[Dataset records]
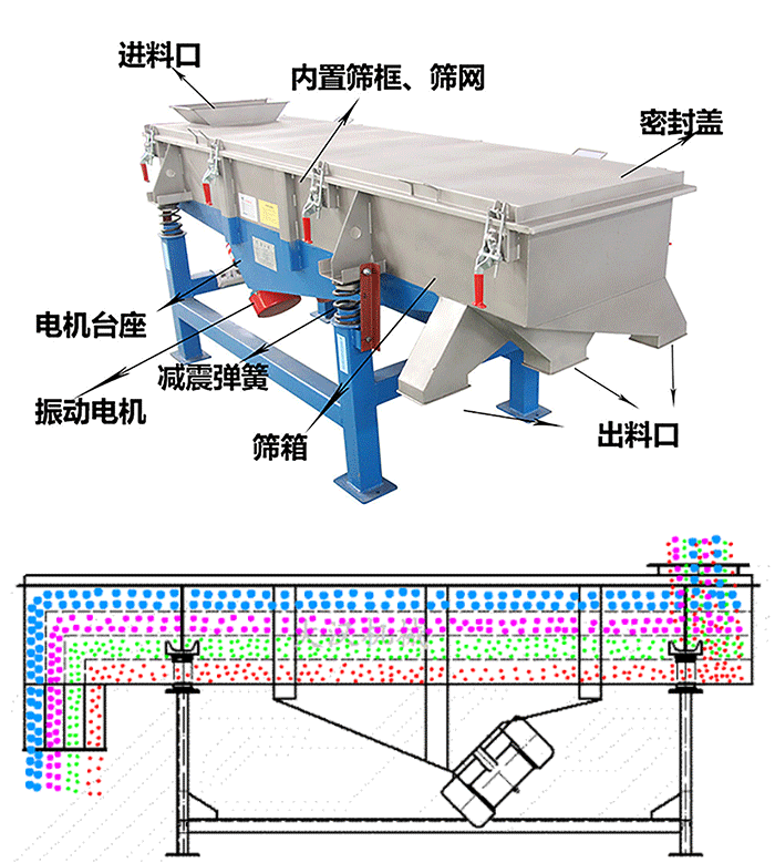 直線篩直線振動(dòng)篩是一樣的產(chǎn)品其結(jié)構(gòu)可簡單分為:進(jìn)料口、篩機(jī)蓋、篩板、出料口、彈簧和電機(jī)。
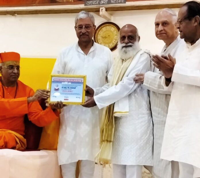 देहरादून। मेघदूत नाट्य संस्था के संस्थापक और प्रसिद्ध रंगकर्मी एस.पी. ममगाईं को छह दशक से अधिक की रंगकर्म साधना और नाट्य निर्देशन, लेखन तथा अभिनय के क्षेत्र में उल्लेखनीय योगदान के लिए श्री सनातन धर्म सभा, गीता भवन देहरादून ने बीती शाम नाट्य सम्राट अलंकरण से विभूषित किया। मौका था गीता भवन में चल रही रामकथा के समापन समारोह का। इस रामकथा में प्रसिद्ध रामकथा मर्मज्ञ रामकिंकर जी के शिष्य मैथिलीशरण प्रवचन कर रहे थे। श्री ममगाईं को यह सम्मान मानस मर्मज्ञ मैथिलीशरण के हाथों प्रदान किया गया। सनातन धर्म सभा के अध्यक्ष राकेश ओबेरॉय, सचिव विपिन नागलिया और गुलशन खुराना भी इस अवसर पर मौजूद थे।
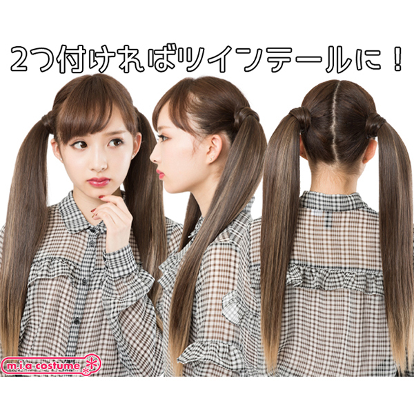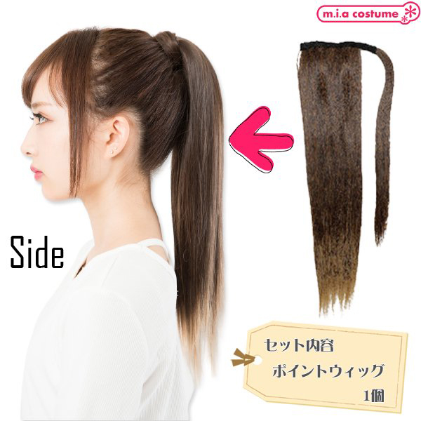 気分を変えたいときにおすすめの着脱式の耐熱ポイントウィッグです!手軽に使えるマジックポニーで簡単イメチェン♪二つ使えばツインテールにもアレンジ可能!地毛に馴染みやすいサラサラの毛質です。
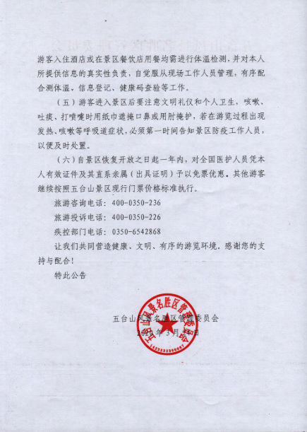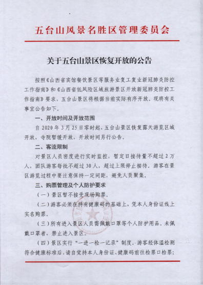 五臺山風景名勝區(qū)管理委員會對外宣布,自2020年3月25日零時起,山西五臺山風景名勝區(qū)恢復露天游覽區(qū)域開放,寺院暫緩開放,開放時間另行公告。
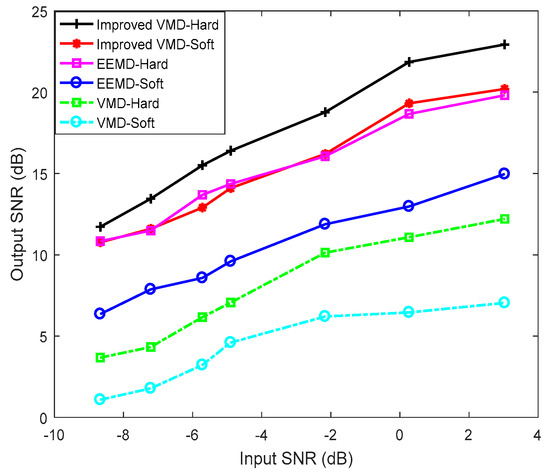 The variation of the output signal-to-noise ratio (SNR) by EEMD, VMD and the improved VMD methods with soft and hard thresholds for interval thresholding. The improved VMD method outperforms other methods.
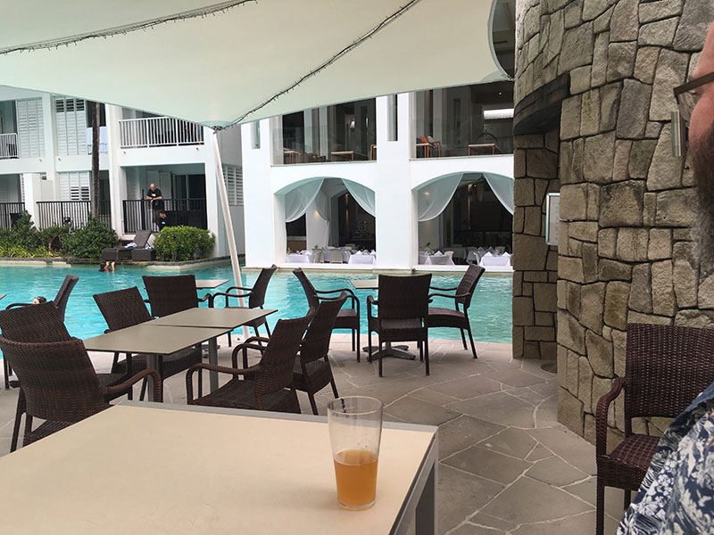 We decided to have a sticky beak and found that they have a small restaurant and bar overlooking a man mad beach and pool area. We had a beer at the bar overlooking the pool. With rooms adjacent to the pool there were kids and adults alike swimming and playing in the water. While it was late in the afternoon I would imagine that kid noise would be a problem if you were staying there.
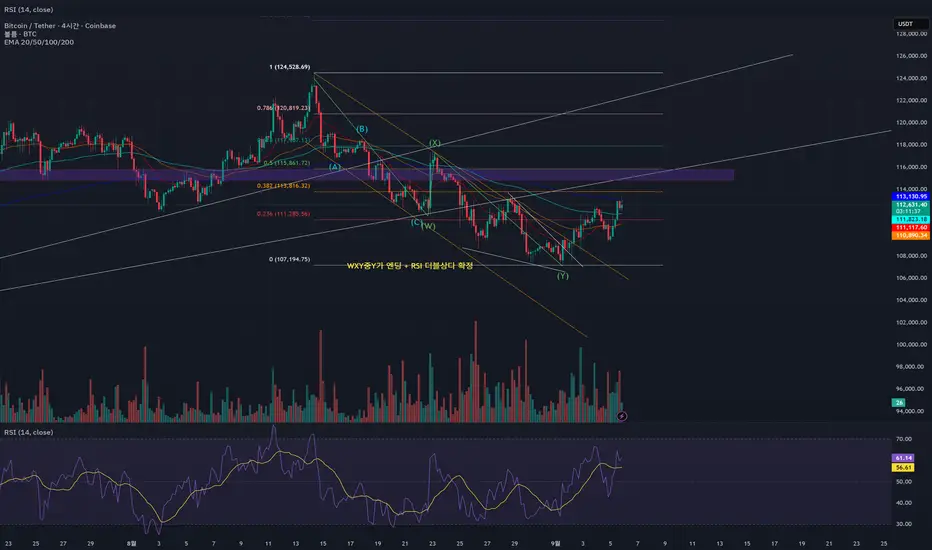 적어도 앞선 파동이 리딩이 아니라 ABC한파동이고, 지금이 B, 이후 C가 나와서 다시 115K쯤에서 하락하거나
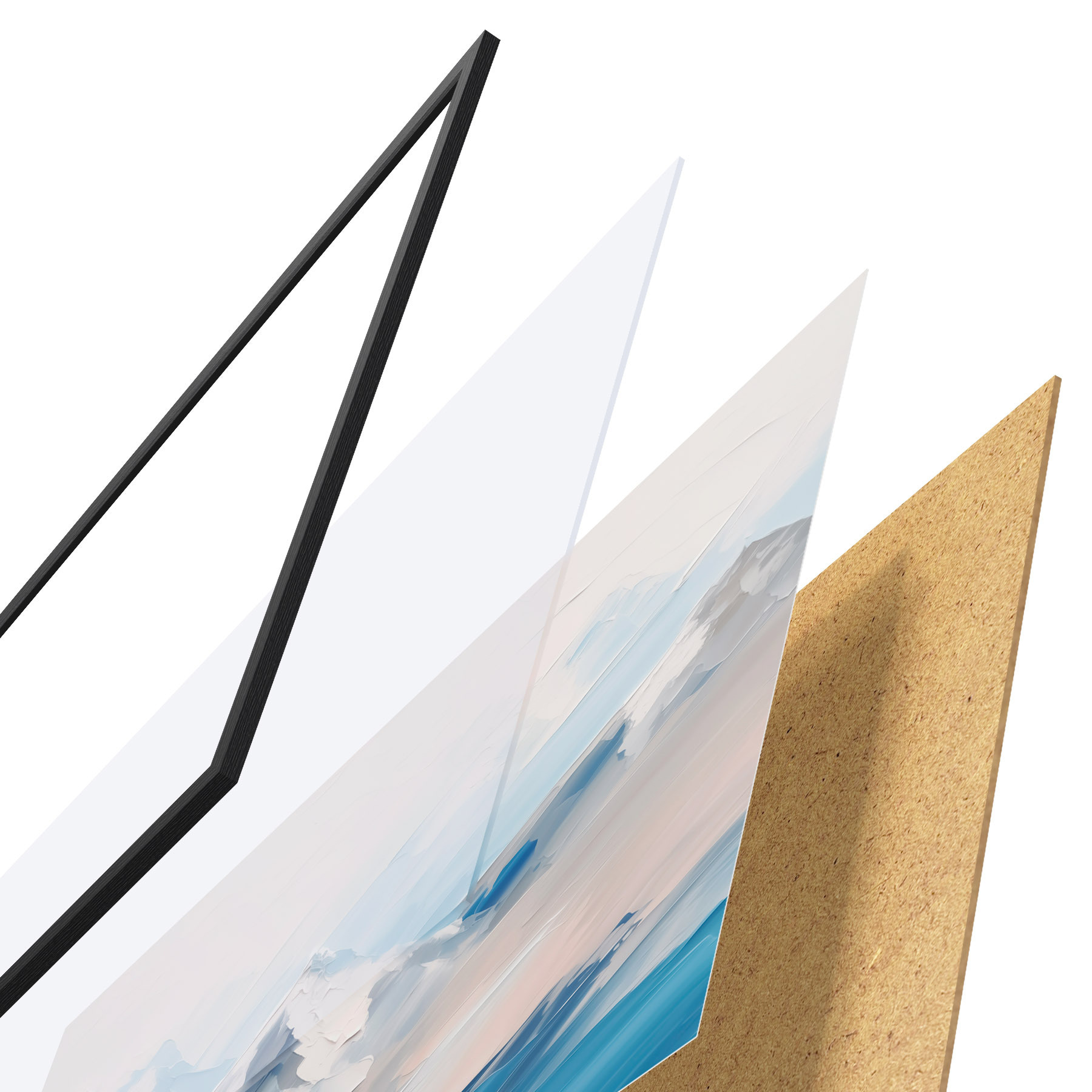 Il poster è composto da cornice, plexiglass, immagine stampata e supporto in truciolato. Il poster può essere immediatamente appeso alla parete grazie ai supporti sul retro.
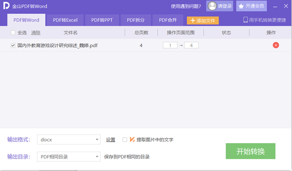 2、在弹出的“金山PDF转Word窗口”中,选择输出格式以及输出目录,并更改操作页面范围后,点击“开始转换”;
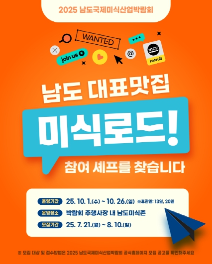 모집 대상은 전라남도에 6개월 이상 거주하거나 사업장을 두고 있는 셰프 또는 맛집 운영자다. 2인 이상의 팀으로 참여할 수 있으며, 하루 500인분 이상의 조리가 가능하고, 미식로드 운영과 조리에 직접 참여해야 한다. 참가팀은 전 기간(10월 1일~26일) 또는 기간별 구간을 선택해 참여할 수 있으며, 전체 기간 참여자가 우선 선정된다.

Try it:
Repeat all of the entries above exactly. Keep pictures out of it.

Answer box:
 直線篩直線振動(dòng)篩是一樣的產(chǎn)品其結(jié)構(gòu)可簡單分為:進(jìn)料口、篩機(jī)蓋、篩板、出料口、彈簧和電機(jī)。
 देहरादून। मेघदूत नाट्य संस्था के संस्थापक और प्रसिद्ध रंगकर्मी एस.पी. ममगाईं को छह दशक से अधिक की रंगकर्म साधना और नाट्य निर्देशन, लेखन तथा अभिनय के क्षेत्र में उल्लेखनीय योगदान के लिए श्री सनातन धर्म सभा, गीता भवन देहरादून ने बीती शाम नाट्य सम्राट अलंकरण से विभूषित किया। मौका था गीता भवन में चल रही रामकथा के समापन समारोह का। इस रामकथा में प्रसिद्ध रामकथा मर्मज्ञ रामकिंकर जी के शिष्य मैथिलीशरण प्रवचन कर रहे थे। श्री ममगाईं को यह सम्मान मानस मर्मज्ञ मैथिलीशरण के हाथों प्रदान किया गया। सनातन धर्म सभा के अध्यक्ष राकेश ओबेरॉय, सचिव विपिन नागलिया और गुलशन खुराना भी इस अवसर पर मौजूद थे।
 気分を変えたいときにおすすめの着脱式の耐熱ポイントウィッグです!手軽に使えるマジックポニーで簡単イメチェン♪二つ使えばツインテールにもアレンジ可能!地毛に馴染みやすいサラサラの毛質です。
 五臺山風景名勝區(qū)管理委員會對外宣布,自2020年3月25日零時起,山西五臺山風景名勝區(qū)恢復露天游覽區(qū)域開放,寺院暫緩開放,開放時間另行公告。
 The variation of the output signal-to-noise ratio (SNR) by EEMD, VMD and the improved VMD methods with soft and hard thresholds for interval thresholding. The improved VMD method outperforms other methods.
 We decided to have a sticky beak and found that they have a small restaurant and bar overlooking a man mad beach and pool area. We had a beer at the bar overlooking the pool. With rooms adjacent to the pool there were kids and adults alike swimming and playing in the water. While it was late in the afternoon I would imagine that kid noise would be a problem if you were staying there.
 적어도 앞선 파동이 리딩이 아니라 ABC한파동이고, 지금이 B, 이후 C가 나와서 다시 115K쯤에서 하락하거나
 Il poster è composto da cornice, plexiglass, immagine stampata e supporto in truciolato. Il poster può essere immediatamente appeso alla parete grazie ai supporti sul retro.
 2、在弹出的“金山PDF转Word窗口”中,选择输出格式以及输出目录,并更改操作页面范围后,点击“开始转换”;
 모집 대상은 전라남도에 6개월 이상 거주하거나 사업장을 두고 있는 셰프 또는 맛집 운영자다. 2인 이상의 팀으로 참여할 수 있으며, 하루 500인분 이상의 조리가 가능하고, 미식로드 운영과 조리에 직접 참여해야 한다. 참가팀은 전 기간(10월 1일~26일) 또는 기간별 구간을 선택해 참여할 수 있으며, 전체 기간 참여자가 우선 선정된다.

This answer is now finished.